» **Data below**
----------

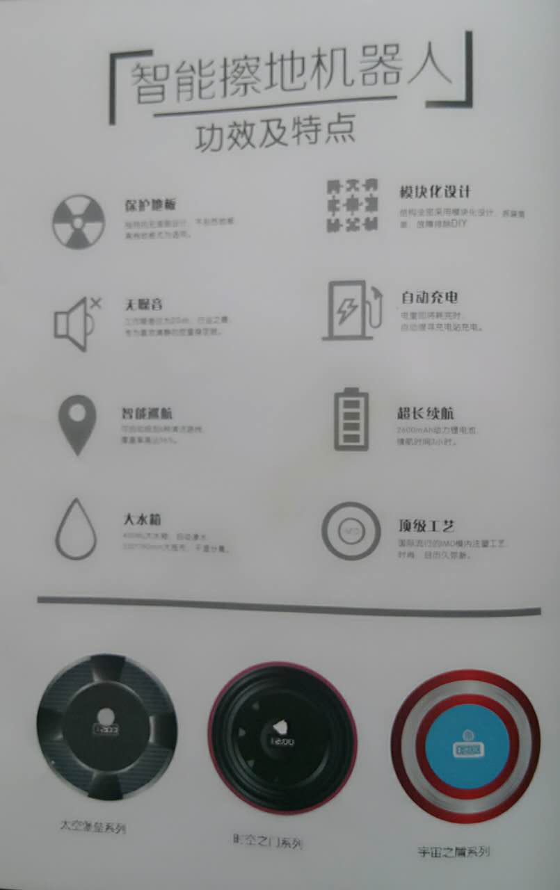 這款產(chǎn)品是最新上市的新款產(chǎn)品,主要功能是拖地。內(nèi)置有大水箱,可以裝水,自動(dòng)加濕拖的更干凈。重量輕,有安裝陀螺儀防倒,防撞系統(tǒng)再提升一個(gè)檔次。超低音。有弓字型路線覆蓋率可以達(dá)到98%。隨時(shí)可以更換抹布,更清潔,更健康。愛(ài)家從家庭環(huán)境開(kāi)始,提高家庭環(huán)境衛(wèi)生的清潔你最好的選擇是感應(yīng)智能擦地機(jī)。。。
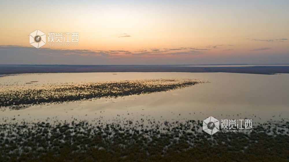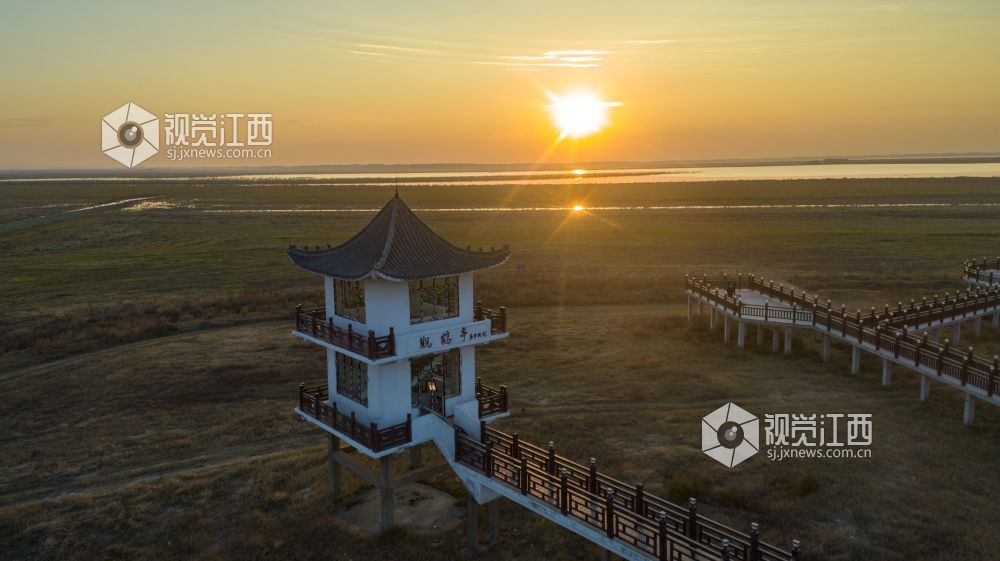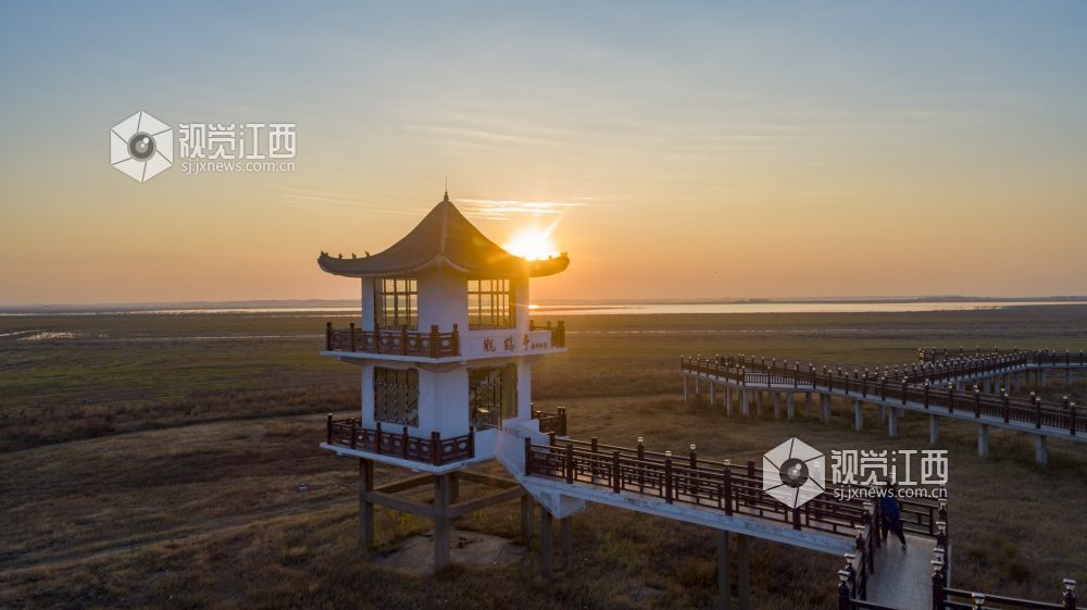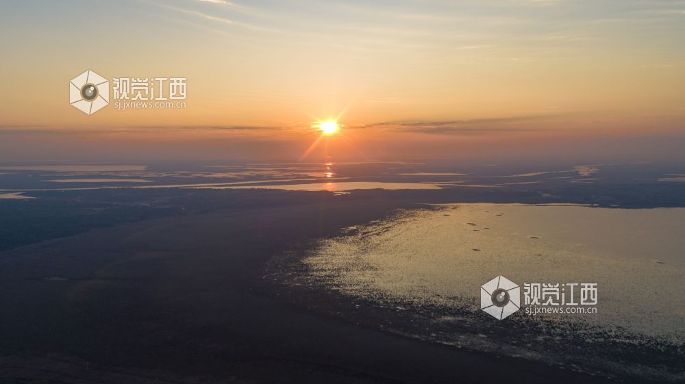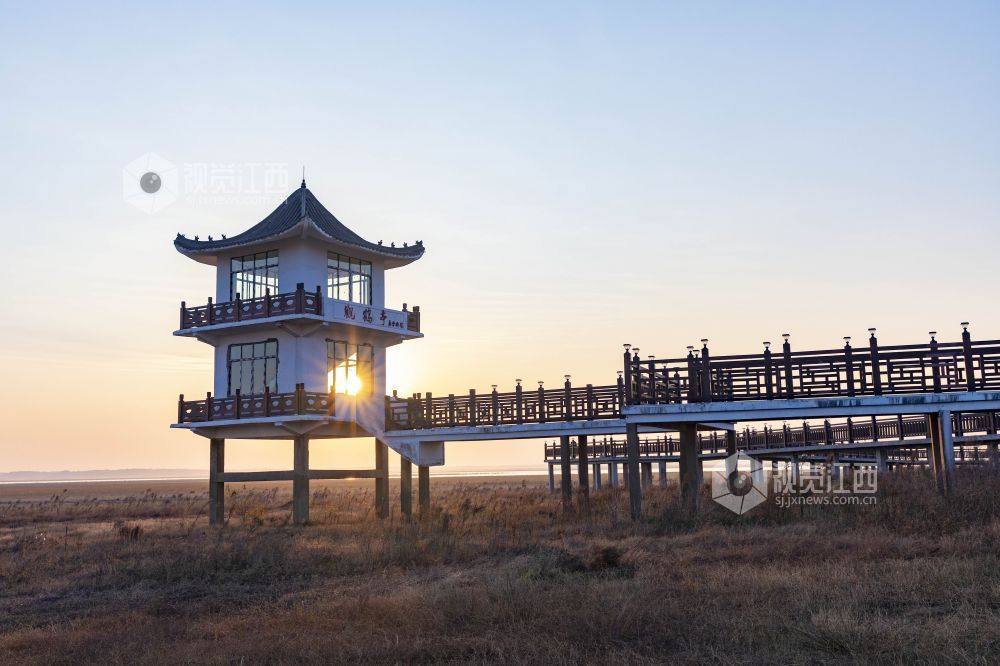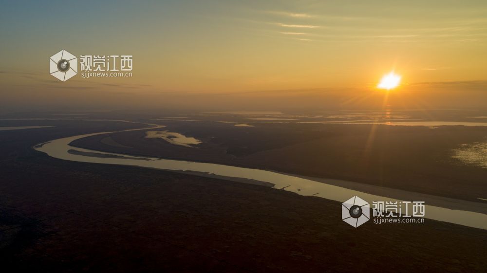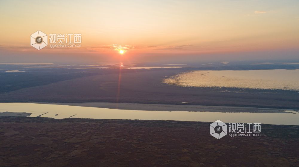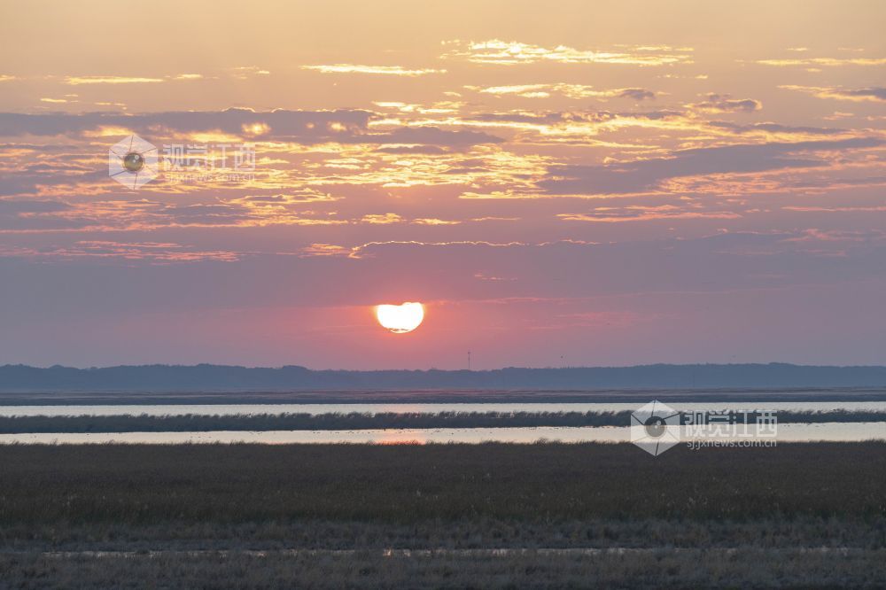 12月2日,江西省庐山市沙湖山鄱阳湖湿地生态保护区,早晨日出时霞光万丈,湿地草洲、湖泊河道一片宁静,这里已经是世界最大的候鸟越冬栖息地。
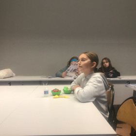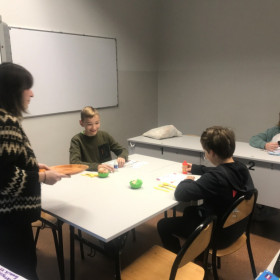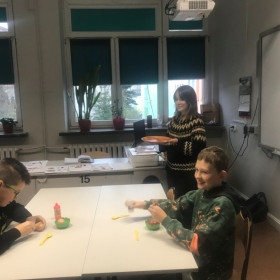 W środę na lekcji języka angielskiego w klasie piątej uczniowie przedstawiali scenki „W restauracji”. Rolę kelnerki odgrywała nasza wolontariuszka z Hiszpanii -  Maria. Uczniowie prosili o stolik dla jednej lub dwóch osób, po zajęciu miejsca prosili o menu (wcześniej przygotowane przez każdego ucznia w formie wyklejanych obrazków z różnymi potrawami). Zamawiali dania, przekąski i napoje. Prosili o rachunek i pytali czy mogą płacić kartą, telefonem czy tylko gotówką. Na stołach znalazły się różne produkty spożywcze. Mamy nadzieję, że takie lekcje ułatwią naszym uczniom zamawianie potrawy podczas podróży po całym świecie.
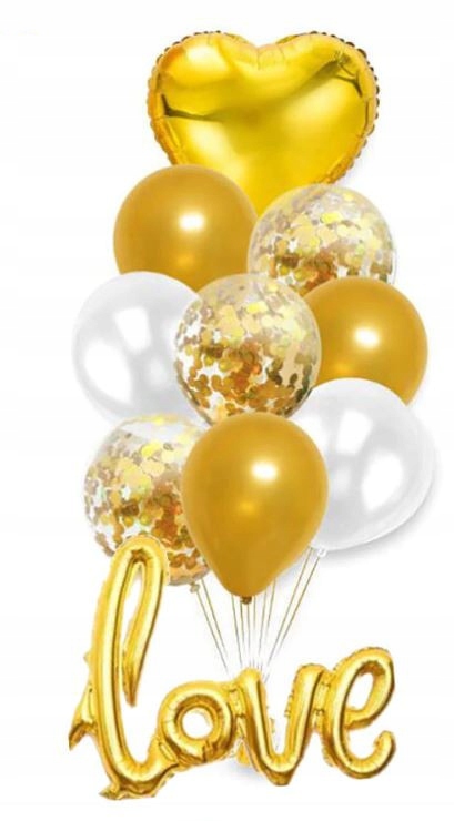 Zestaw balony konfetti ZŁOTE love 30 cm urodziny

----------

» **Task**
Make an exact printout of the listing above, omitting the images.

» **Answer section**
 這款產(chǎn)品是最新上市的新款產(chǎn)品,主要功能是拖地。內(nèi)置有大水箱,可以裝水,自動(dòng)加濕拖的更干凈。重量輕,有安裝陀螺儀防倒,防撞系統(tǒng)再提升一個(gè)檔次。超低音。有弓字型路線覆蓋率可以達(dá)到98%。隨時(shí)可以更換抹布,更清潔,更健康。愛(ài)家從家庭環(huán)境開(kāi)始,提高家庭環(huán)境衛(wèi)生的清潔你最好的選擇是感應(yīng)智能擦地機(jī)。。。
 12月2日,江西省庐山市沙湖山鄱阳湖湿地生态保护区,早晨日出时霞光万丈,湿地草洲、湖泊河道一片宁静,这里已经是世界最大的候鸟越冬栖息地。
 W środę na lekcji języka angielskiego w klasie piątej uczniowie przedstawiali scenki „W restauracji”. Rolę kelnerki odgrywała nasza wolontariuszka z Hiszpanii -  Maria. Uczniowie prosili o stolik dla jednej lub dwóch osób, po zajęciu miejsca prosili o menu (wcześniej przygotowane przez każdego ucznia w formie wyklejanych obrazków z różnymi potrawami). Zamawiali dania, przekąski i napoje. Prosili o rachunek i pytali czy mogą płacić kartą, telefonem czy tylko gotówką. Na stołach znalazły się różne produkty spożywcze. Mamy nadzieję, że takie lekcje ułatwią naszym uczniom zamawianie potrawy podczas podróży po całym świecie.
 Zestaw balony konfetti ZŁOTE love 30 cm urodziny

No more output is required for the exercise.